Рядом – Джон с Иосифом. Я смотрю на них с долей нежности: на них, на их мускулы, на их туманно-облачные представления о женщинах. Их молодость меня ужасает. Как я могла вверить себя таким неопытным юнцам?
Дальше – миссис Смиитт. В большом количестве. Она сидит, стоит, лежит под священным фикусом, летит с прилепленным к спине мистером Смииттом, спариваясь с ним, как жучиха с жуком; она в темно-синих рейтузах мисс Ламли, которая каким-то образом сливается с ней в пугающий симбиоз. Она возникает, как подарок, из-под обволакивающей ее папиросной бумаги, слой за слоем. Миссис Смиитт больше натуральной величины. Крупней, чем она когда-либо была. Она застит Бога.
Я много труда вложила в это воображаемое тело, белое, как корень лопуха, дряблое, как свиной жир. Волосатое, как внутренность уха. Я работала над ним – как теперь вижу, с изрядной долей злобы. Но эти картины – не только издевательство, не только осквернение. Я и свет в них вложила. Каждая бледная нога, каждый глаз, оправленный в сталь, – здесь и теперь точно такие же, как были там и тогда, простые и недвусмысленные, как хлеб. Я сказала: «Смотрите». Я сказала: «Я вижу».
В эти глаза я сейчас заглядываю. Я всегда думала, что они полны самодовольного ханжества – свиные буркалы за проволочной оправой; так и есть. Но еще это глаза сломленного человека, неуверенного в себе, меланхолика, обремененные долгом, в котором нет любви. Глаза человека, для которого Бог – жестокий старик; глаза обедневшей семьи, изо всех сил создающей видимость приличия в мелком городишке, где всё на ладони. Миссис Смиитт подверглась пересадке в большой город откуда-то из захолустья. Она – перемещенное лицо; как и я когда-то.

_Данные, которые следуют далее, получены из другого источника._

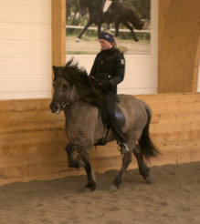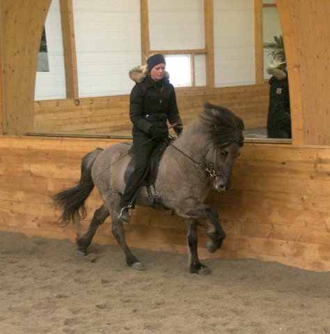 Vornum að fá sendar nokkrar myndir af afkvæmi Kraflars til að nota í sambandi við nýja fídusin sem við settum að heimasíðuna, þar sem hægt er að skoða afkvæmi stóðhestanna okkar. Mér finnst þessar myndir svo fallegar að mig langar að birta þær. Eldri hryssan heitir Grábrá, en hún er dóttir Bráar sem er hér í ræktum hjá okkur. Dóttir hennar heitir Ófeig frá Öst og er fædd og í eigu Christinu Bach Sörensen. Christina keypti Grábrá af okkur sem tryppi og flutti hana seinna út til Danmerkur fylfulla við Kraflari. Grábrá er búin að vera reiðhryssa Christinu, utan þess eð Fredrik Rydström tók hana til þjálfunnar í smá tíma og sýndi hana í kynbótadóm og hlaut hún 8,20 fyrir sköpulag, 7,54 fyrir hæfileika og samtals 7,80. Ég er búin að fylgjast með þeim Christinu og Grábrá á náskeiðum í nokkur ár og veit ég að Grábrá á mikið inni í hæfileikum. Nú er Grábrá í þjálfun hjá Trine Risvang,en stefnt ér á að sýna hana í kynbótadóm aftur í vor, og hef ég frétt að þjálfun gangi vel.

Теперь я способна увидеть себя глазами нарисованной миссис Смиитт: кучерявая оборванка бог знает откуда, едва ли не цыганка, дочь отца-язычника и беспутной матери, бегающей в штанах и собирающей сорняки. Некрещеная – приманка для бесов; одному богу известно, какие зерна кощунства и неверия зрели во мне. И все же миссис Смиитт впустила меня к себе в дом.
Значит, ее мнение было в чем-то верно. Мне не хватило справедливости. Точнее – милосердия. Я сразу начала мстить.
Принцип «око за око» приводит лишь к эпидемии слепоты.
Я перехожу к западной стене, где висят новые картины. Они больше моего обычного формата и очень удачно разместились на этой стене, с хорошими промежутками.
Первая называется «Пикосекунды». Как формулирует Чарна, «Это jeu d’esprit[15], вдохновленная творчеством «Группы семи» – реконструкция их видения пейзажа в свете современных экспериментов и постмодернистского пастиша».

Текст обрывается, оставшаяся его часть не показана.